* WHAT YOU SHOULD DO:
Repeat every record exactly as given.

==== EXTRACTED RECORDS ====

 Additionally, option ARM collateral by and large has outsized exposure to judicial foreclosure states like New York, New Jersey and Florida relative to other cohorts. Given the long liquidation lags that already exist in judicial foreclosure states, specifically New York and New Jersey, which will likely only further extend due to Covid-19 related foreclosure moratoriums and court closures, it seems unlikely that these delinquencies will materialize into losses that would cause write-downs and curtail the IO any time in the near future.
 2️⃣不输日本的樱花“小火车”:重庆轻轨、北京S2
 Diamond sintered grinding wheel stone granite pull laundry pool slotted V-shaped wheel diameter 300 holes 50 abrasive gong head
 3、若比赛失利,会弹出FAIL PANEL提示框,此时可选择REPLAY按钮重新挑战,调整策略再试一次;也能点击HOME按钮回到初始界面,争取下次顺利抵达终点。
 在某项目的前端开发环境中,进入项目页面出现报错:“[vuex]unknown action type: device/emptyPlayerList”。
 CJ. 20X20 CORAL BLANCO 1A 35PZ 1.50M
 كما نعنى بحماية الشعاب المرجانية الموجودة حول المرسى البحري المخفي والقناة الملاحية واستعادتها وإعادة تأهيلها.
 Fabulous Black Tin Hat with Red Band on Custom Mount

====

* REPLY:
 Additionally, option ARM collateral by and large has outsized exposure to judicial foreclosure states like New York, New Jersey and Florida relative to other cohorts. Given the long liquidation lags that already exist in judicial foreclosure states, specifically New York and New Jersey, which will likely only further extend due to Covid-19 related foreclosure moratoriums and court closures, it seems unlikely that these delinquencies will materialize into losses that would cause write-downs and curtail the IO any time in the near future.
 2️⃣不输日本的樱花“小火车”:重庆轻轨、北京S2
 Diamond sintered grinding wheel stone granite pull laundry pool slotted V-shaped wheel diameter 300 holes 50 abrasive gong head
 3、若比赛失利,会弹出FAIL PANEL提示框,此时可选择REPLAY按钮重新挑战,调整策略再试一次;也能点击HOME按钮回到初始界面,争取下次顺利抵达终点。
 在某项目的前端开发环境中,进入项目页面出现报错:“[vuex]unknown action type: device/emptyPlayerList”。
 CJ. 20X20 CORAL BLANCO 1A 35PZ 1.50M
 كما نعنى بحماية الشعاب المرجانية الموجودة حول المرسى البحري المخفي والقناة الملاحية واستعادتها وإعادة تأهيلها.
 Fabulous Black Tin Hat with Red Band on Custom Mount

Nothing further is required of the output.